* Posts by Andrew Pickles

2 publicly visible posts • joined 25 Jun 2008

Sun's Niagara 3 will have 16-cores and 16 threads per core

Andrew Pickles
Happy

Mr Angry

"Sun Marketeering droids" if only Sun had a marketeering department then perhaps the stock would be better. Getting back to the point .... the technology does the talking.

Niagara is pushing the envelope with built in with 10 Gigabit, line speed encryption and virtualization built in as standard in most cases. Even the PCI Express IO is on the silicon. All that means fewer parts and points of failure, lower costs, and vastly reduced power consumption.

Again to reiterate - this is Sun's ENTRY level SPARC range and focussed on massively parallel network centric workloads. It is also suitable for many standard application workloads up to a point. For 80% of the time it does the job very well. For the other 20% you have other products in the SPARC range.

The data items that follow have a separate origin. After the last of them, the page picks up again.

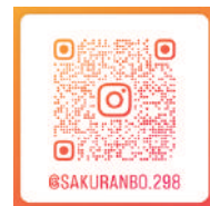
▲さくらんぼ食堂 Instagram 【最新情報はコチラ】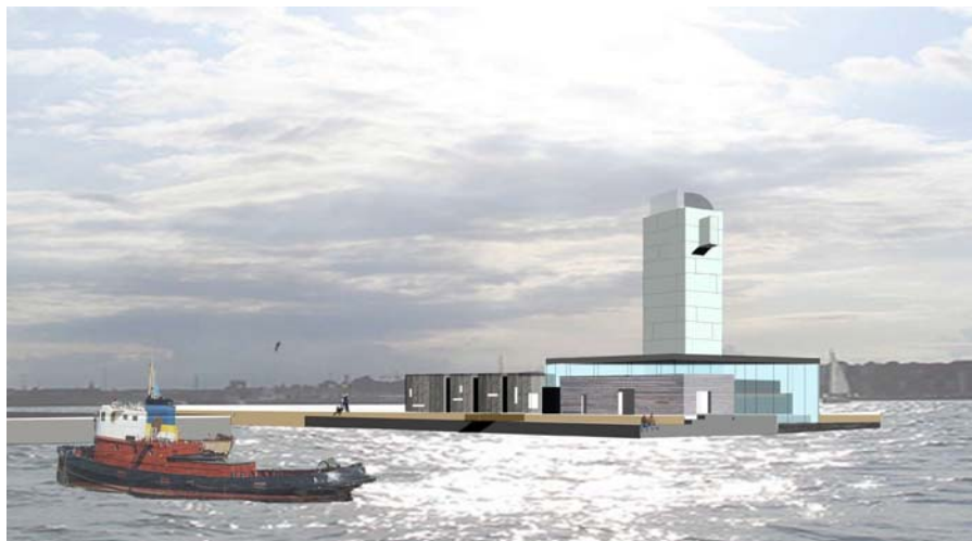
Et Søfartsmuseum i Århus (se side 5)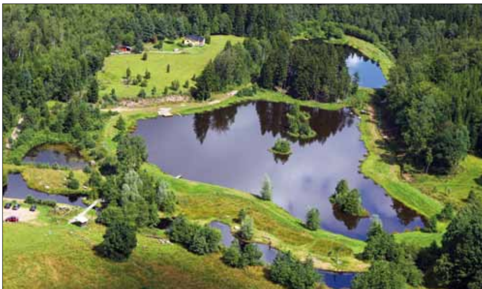
Flygfoto över anläggningen i Vinnalt.

Allt detta tillsammans gjorde att jag bestämde mig för att sluta, så efter 30 år lämnade jag Försvarsmakten. I juni 2010 var det dags att gå ut genom grindarna för sista gången. Det var med blandade känslor, men

Just one last point - if the thread speed was upped to 2GHz then the low power advantage would be lost. The 2GHz + version is called Rock.

The technology is different - heresy to some even - but it gets the balance right between price / massive throughput and very low power consumption and is very popular as a result for those who care about such problems.

Andrew Pickles

Bang on the Money

With more that 100% growth in a $1b business the Niagara series is solving real customer problems and migrating to this technology is easy with Binary Compatibility guaranteed by Sun for any Solaris 8 or higher application. The real value is that you do not have to continuously change applications and processes over time with the introduction of new OS or hardware revisions.

That makes it a very low cost platform to stay on.

CPU speed is no longer the major bottleneck in many applications - Oracle for example is highly threaded and is a perfect candidate for this technology.

With virtualisation at the heart of many projects - memory, storage and IO is where the battle commences. That is why Sun packs double the memory into their X64 range and is investing in new virtualised IO technologies.

On a last point re:- "The problem, however, seems to be that the UltraSPARC Tx boxes eat up sales of other low-end systems"

These systems are Sun's entry level SPARC servers - you get 4-cores / 32 threads as a minimum with an X64 price tag.